Yo estaba a punto de estallar; un tropel de improperios acudía a mis labios; sir Denis me silenció con una mirada.
—Llevarán los objetos que he detallado a un lugar previamente acordado —contestó el señor Aden—, y allí encontrarán a la señorita Rima Barton.
—Suena a emboscada —espetó Nayland Smith.
El griego encogió sus hombros robustos.
—Estaré encantado de comunicar a mis clientes cualquier otra sugerencia. Sea como sea —se volvió hacia sir Lionel con evidente nerviosismo—, debería ver los objetos en primer lugar, si no tienen inconveniente. —Levantó la hoja de papel—. Así podré notificar a mis clientes que todo está en orden. Las instrucciones son muy claras al respecto.
—No hable, Barton —dijo Nayland Smith—. La maleta está debajo del sofá, a sus pies. Sáquela, retire las correas, ábrala y haga lo que pide el señor Aden.
La cara de sir Lionel se fue poniendo cada vez más blanca al tiempo que sostenía enfadado la mirada fija de sir Denis.
—Ni Greville ni yo entendemos a qué vienen esas dudas —añadió el último—. En tanto Rima esté en manos de… el cliente del señor Aden, todo lo demás carece de importancia.

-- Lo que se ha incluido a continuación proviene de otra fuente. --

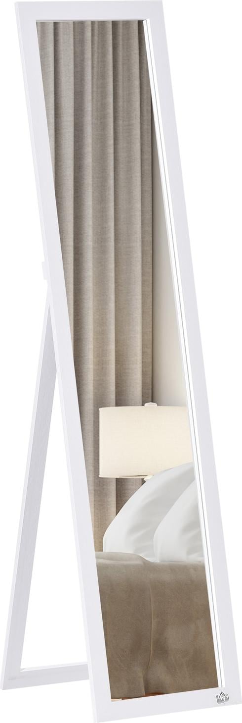 HOMCOM Grand Miroir Pleine Longueur rectangulaire, 37 x 160 cm - Miroir sur Pied ou Mural - pour Chambre à Coucher, Salon et Dressing, Bois Aspect Blanc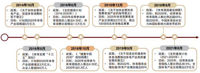 ► 锻炼人数方面,《“健康中国2030”规划纲要》公布2015年经常参与体育锻炼的人数为3.6亿人,2020年的政策目标是达到4.35亿人,CAGR为3.86%;2030年达到5.3亿人;2035年达到人口比例的45%[10]。2021年8月,《全民健身计划(2021-2025年)》提出新目标,到2025年经常参加体育锻炼人数比例达38.5%。

Al oír aquellas palabras, la furiosa mirada de sir Lionel se trasladó al señor Aden, cuya frente estaba perlada de sudor. Después se inclinó, arrastró hacia fuera la pesada maleta y desató las correas. Sacó las preciosas reliquias del Profeta Enmascarado y las colocó sobre la mesa. Ante nosotros teníamos los objetos cuya posesión había acarreado la tragedia y cuyas secuelas me habían llevado al borde de la locura.